Following the meeting, Espaillat said he still supports including the registry option, and that he and Pelosi “had a lengthy, genuine discussion about it.”
“Citizenship is important to me,” Correa said following meetings with Pelosi and the Democratic caucus. “I like registry.”
Immigration advocates question moderates’ rationale for narrowing the plan, given the parliamentarian’s opposition to prior versions.
“What is the logic that is driving the slimming down of a narrowing of the benefit and the number of people?” said Angelica Salas, executive director of Coalition for Humane Immigrant Rights. “It’s really important for us to question the logic around and how negotiations are moving forward.”
Patrice Lawrence, co-director of the UndocuBlack Network, blamed moderates’ hesitance on “not being clear on what the Senate is able to do and what the Senate is not able to do.” She maintained that Democrats have the authority to override the parliamentarian’s opinions.
Progressive Democrats have remained firm on demands that the bill be as expansive as possible, even if that involves overruling the parliamentarian. Rep. Lou Correa, D-Calif., one of three Latino Democrats threatening to vote against the bill if immigration provisions are not sufficiently broad, had little sympathy for moderates wary of taking a tough stance.
“It’s a fair issue, that this is a very difficult issue,” he said. “But we deal with difficult issues all the time — that’s why we get paid. I have been in tough situations, all of us have.”
Senate Majority Whip Richard J. Durbin, D-Ill., who has led his chamber’s effort to include immigration provisions in the reconciliation bill, acknowledged Tuesday that House lawmakers were working through some divisions between progressives and moderates.

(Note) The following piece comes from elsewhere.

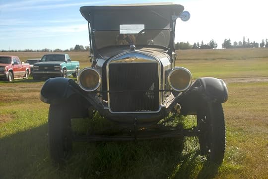From Alex Emond:"This car was sitting in a yard in Neville, Saskatchewan, just south of Speedy Creek. The owner and a few of his friends were on hand so I asked if I could do a sketch and take some pictures, No problem . He said that, at 6' 3" he can barely fit in it to drive . A hundred years ago the average height for a man was more like 5'8". I sat in the shade and did a quick rendering . Beautiful fall weather . Cheers, Alex"AL:Not sure if it is a model T or not. 1927 was the last year of Model T production. The "t" we know and admire here in Brooklin Maine is a 1917 Model T and looks much spindlier and frailer than this unit. We posted on the naturalist John Burroughs' Model T, a gift from Henry himself. The there's Senator Eugene McCarthy's Model T poem.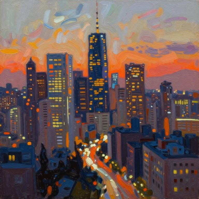 Vibrant cityscape painting of a skyscraper-laden skyline at dusk, with glowing orange and purple skies, illuminated buildings, and busy streetlights

He said he and Pelosi “went over the possibilities — and she’s got her hands full. I think she can do it. She’s masterful, but at this point, there’s some divisions within her caucus that she’s trying to work out.”
He also hinted similar divisions playing out in his own chamber.
“They have both liberals and moderates on the issue, and we have some of the same,” he said.
The stakes have never been higher for lawmakers and advocates who have spent years trying to overhaul the U.S. immigration system. The reconciliation bill could be the last big chance to provide relief to immigrants in years, particularly if Democrats lose their House and Senate majorities in next year’s midterms.
“We still think that’s an objective that is a very important one for our country,” House Majority Leader Steny H. Hoyer said Tuesday. “And if it is held to not be consistent with the reconciliation process then we’ll have to do it some other way because it needs to be done, we need to fix this immigration system.”
Laura Weiss, Lindsey McPherson, Paul Krawzak and Jennifer Shutt contributed to this report.